How much change in Moscow?
MY taxi driver in Washington spoke with a guttural accent. He'd been in America about 10 years, he said. He had one son at the American University and another headed for the Wharton School.
Where was he from? Well, he explained, he told passengers that he was from the Soviet Union, but he was really from the Ukraine. Most Americans didn't know the difference.
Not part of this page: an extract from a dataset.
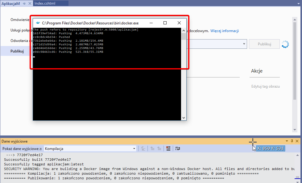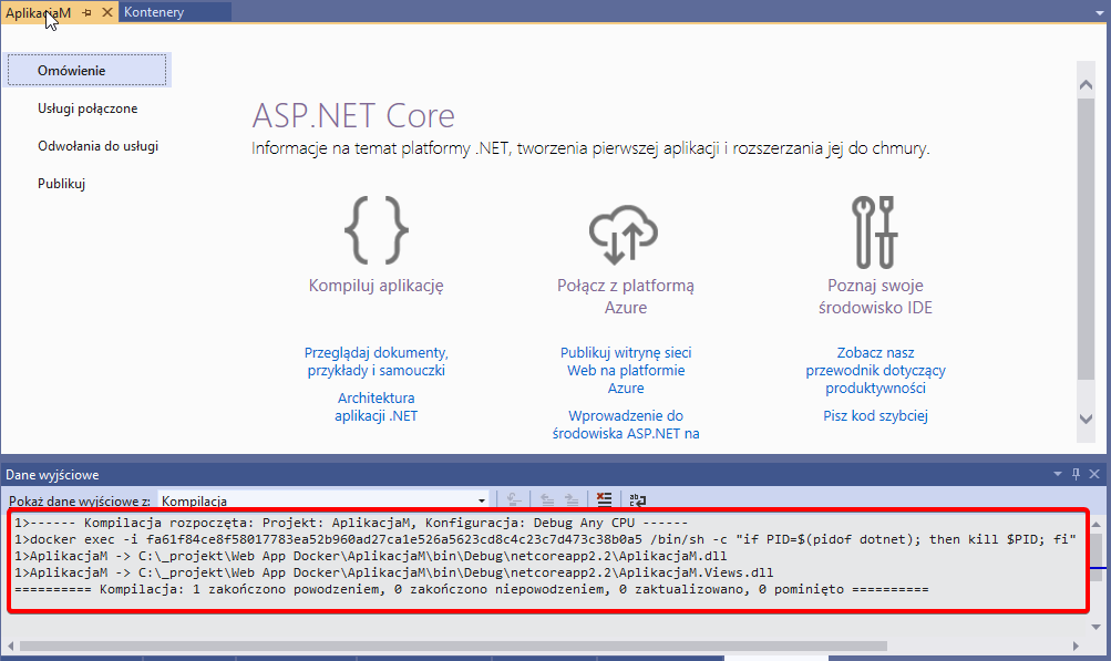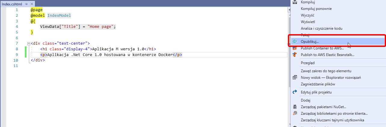 Do tej pory wszystko zrobił za nas kompilator Visual Studio. Teraz zobaczymy jak samodzielnie opublikować aplikację na platformę Docker.

He'd been offered a job with the Ukrainian language service of the Voice of America, but he had turned it down because he ``made twice as much money driving a cab.''
Inevitably, our conversation turned to life in his homeland, and Mr. Gorbachev, and the new policy of ``glasnost,'' or openness.
``I listen to all he [Gorbachev] says, but I don't see no real change,'' said my cab-driver friend.
And then: ``Look what he says about the blacks. We'd better get Jesse Jackson to go over there and straighten him out.''
The driver was referring to recent reports of remarks by Gorbachev on racial minorities in the United States. After a session with a visiting US congressional delegation, Mr. Gorbachev was quoted as suggesting separate homelands for blacks, Puerto Ricans, and Polish-Americans.
It is being cited as an example of continuing Soviet insensitivity on human rights, despite all the protestations of ``glasnost.''
We drove along just a few miles away from where hundreds of demonstrators were picketing the Virginia headquarters of the Central Intelligence Agency. The demonstrators were relatively orderly. The police who hauled them off were relatively gentle.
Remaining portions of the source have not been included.